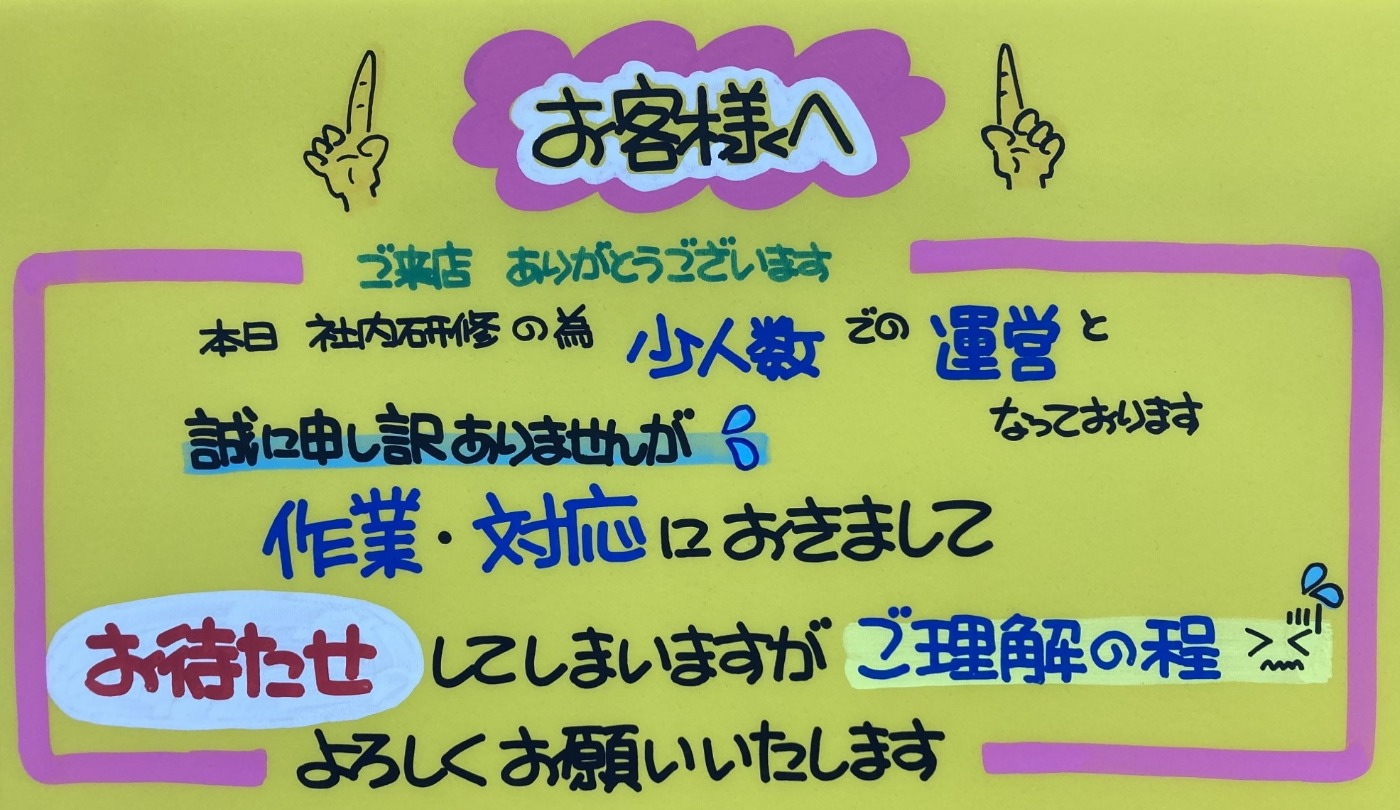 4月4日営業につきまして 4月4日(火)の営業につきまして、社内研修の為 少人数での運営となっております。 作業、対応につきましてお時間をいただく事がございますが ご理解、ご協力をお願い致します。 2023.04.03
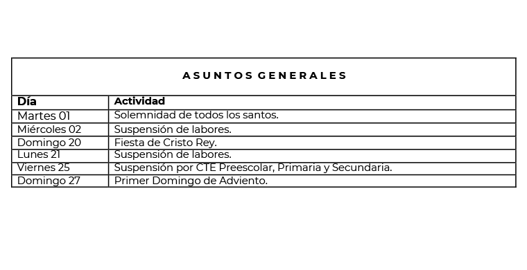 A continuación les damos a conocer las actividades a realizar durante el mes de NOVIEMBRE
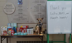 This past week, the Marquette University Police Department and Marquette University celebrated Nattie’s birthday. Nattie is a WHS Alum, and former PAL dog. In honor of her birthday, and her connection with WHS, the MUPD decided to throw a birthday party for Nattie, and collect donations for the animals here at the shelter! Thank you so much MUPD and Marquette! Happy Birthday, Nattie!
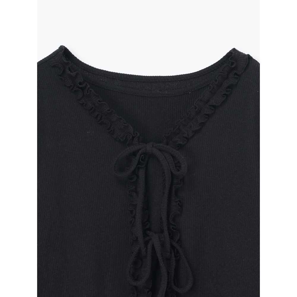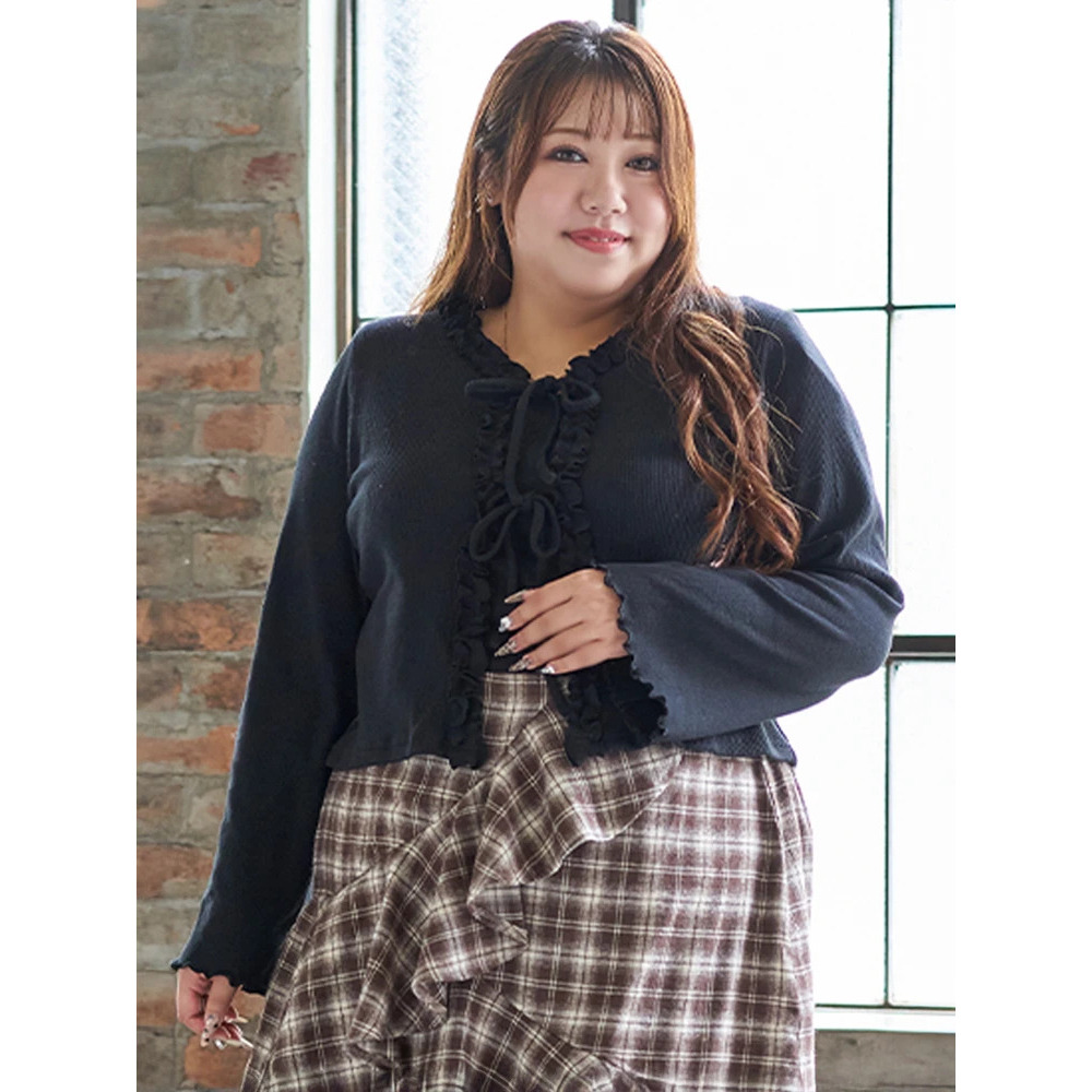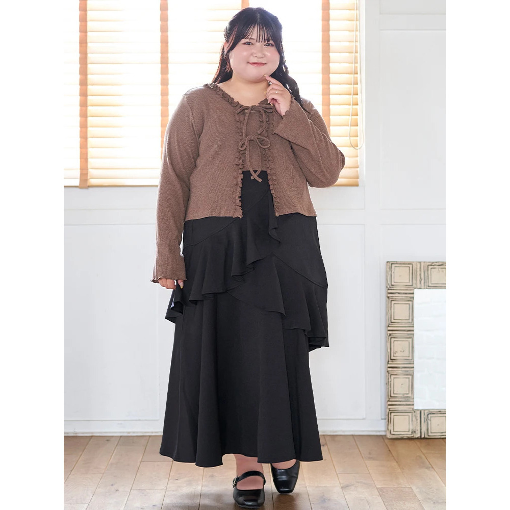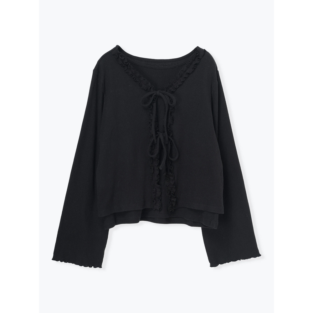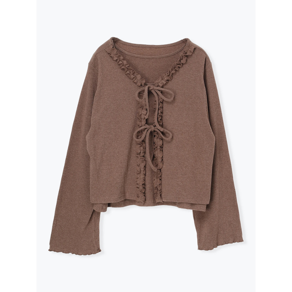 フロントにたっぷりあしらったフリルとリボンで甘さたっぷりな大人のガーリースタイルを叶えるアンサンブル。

• • • •

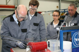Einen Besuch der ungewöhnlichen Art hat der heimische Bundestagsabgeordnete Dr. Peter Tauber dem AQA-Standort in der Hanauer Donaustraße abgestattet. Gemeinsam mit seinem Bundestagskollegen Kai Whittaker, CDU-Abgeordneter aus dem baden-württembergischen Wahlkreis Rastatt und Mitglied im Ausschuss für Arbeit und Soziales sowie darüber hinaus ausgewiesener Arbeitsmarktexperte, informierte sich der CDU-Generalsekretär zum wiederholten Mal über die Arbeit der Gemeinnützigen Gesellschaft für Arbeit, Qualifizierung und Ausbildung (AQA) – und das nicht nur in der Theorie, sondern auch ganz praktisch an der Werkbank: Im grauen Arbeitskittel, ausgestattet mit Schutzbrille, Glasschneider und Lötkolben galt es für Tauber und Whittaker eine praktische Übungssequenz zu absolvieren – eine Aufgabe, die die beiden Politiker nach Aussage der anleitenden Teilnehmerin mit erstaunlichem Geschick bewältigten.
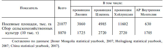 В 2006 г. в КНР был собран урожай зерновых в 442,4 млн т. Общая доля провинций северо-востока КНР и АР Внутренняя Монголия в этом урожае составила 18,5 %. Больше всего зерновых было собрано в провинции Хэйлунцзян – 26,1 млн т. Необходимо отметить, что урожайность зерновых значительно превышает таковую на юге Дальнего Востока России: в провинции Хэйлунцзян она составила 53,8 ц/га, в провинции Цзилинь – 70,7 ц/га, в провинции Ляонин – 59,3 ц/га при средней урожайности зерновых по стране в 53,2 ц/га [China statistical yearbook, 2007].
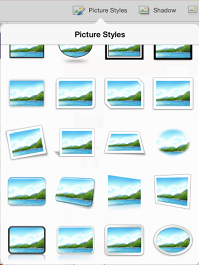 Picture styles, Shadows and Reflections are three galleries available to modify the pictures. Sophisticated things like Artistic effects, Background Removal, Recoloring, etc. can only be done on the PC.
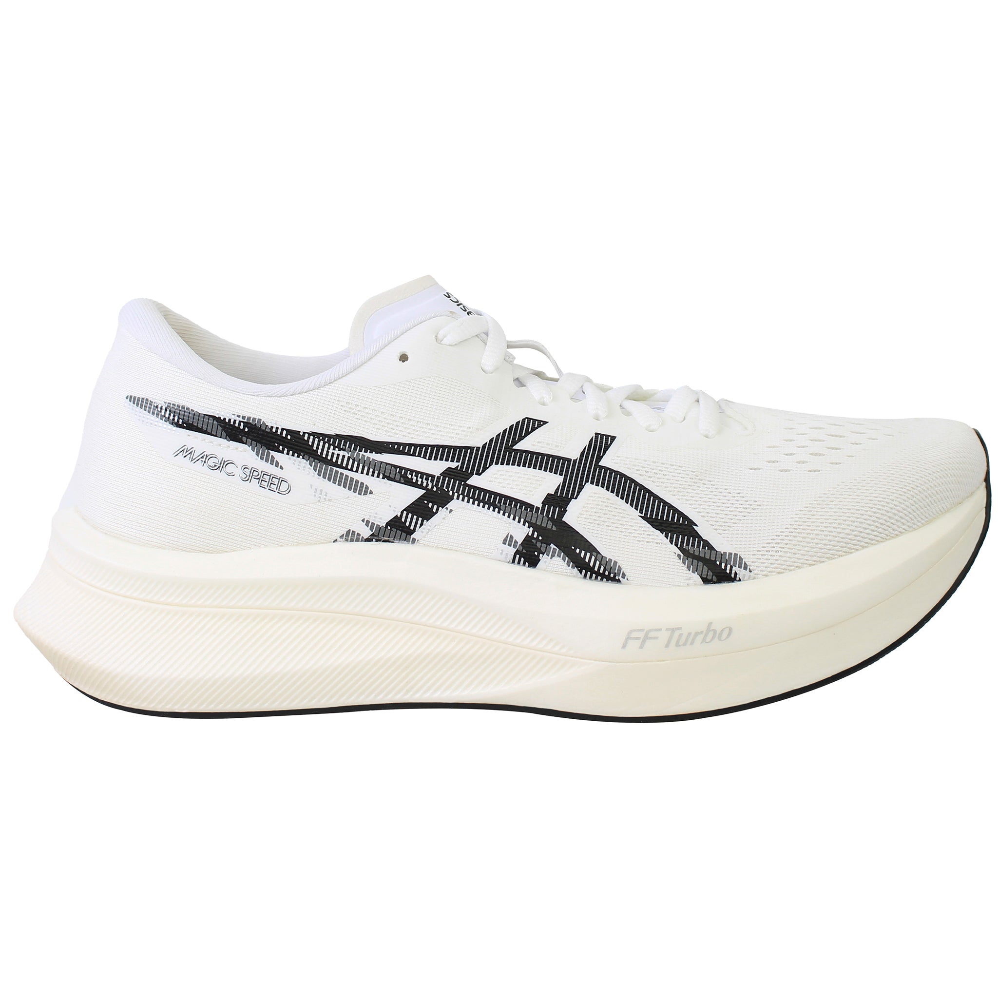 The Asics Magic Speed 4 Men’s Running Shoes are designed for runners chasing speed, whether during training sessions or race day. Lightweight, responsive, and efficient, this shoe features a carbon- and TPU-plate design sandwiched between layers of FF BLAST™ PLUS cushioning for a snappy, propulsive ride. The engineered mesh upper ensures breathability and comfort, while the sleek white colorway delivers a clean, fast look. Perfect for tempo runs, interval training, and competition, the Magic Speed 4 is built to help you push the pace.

• • • •

__Instructions for the task__. In the listing above, find the line with "4月4日営業につきまして 4月4日(火)の営業につきまして、社内研修の為 少人数での運営となっております。" and the line with "フロントにたっぷりあしらった". Set down both and every line between them, minus the pictures.

__Finished exercise__.
 4月4日営業につきまして 4月4日(火)の営業につきまして、社内研修の為 少人数での運営となっております。 作業、対応につきましてお時間をいただく事がございますが ご理解、ご協力をお願い致します。 2023.04.03
 A continuación les damos a conocer las actividades a realizar durante el mes de NOVIEMBRE
 This past week, the Marquette University Police Department and Marquette University celebrated Nattie’s birthday. Nattie is a WHS Alum, and former PAL dog. In honor of her birthday, and her connection with WHS, the MUPD decided to throw a birthday party for Nattie, and collect donations for the animals here at the shelter! Thank you so much MUPD and Marquette! Happy Birthday, Nattie!
 フロントにたっぷりあしらったフリルとリボンで甘さたっぷりな大人のガーリースタイルを叶えるアンサンブル。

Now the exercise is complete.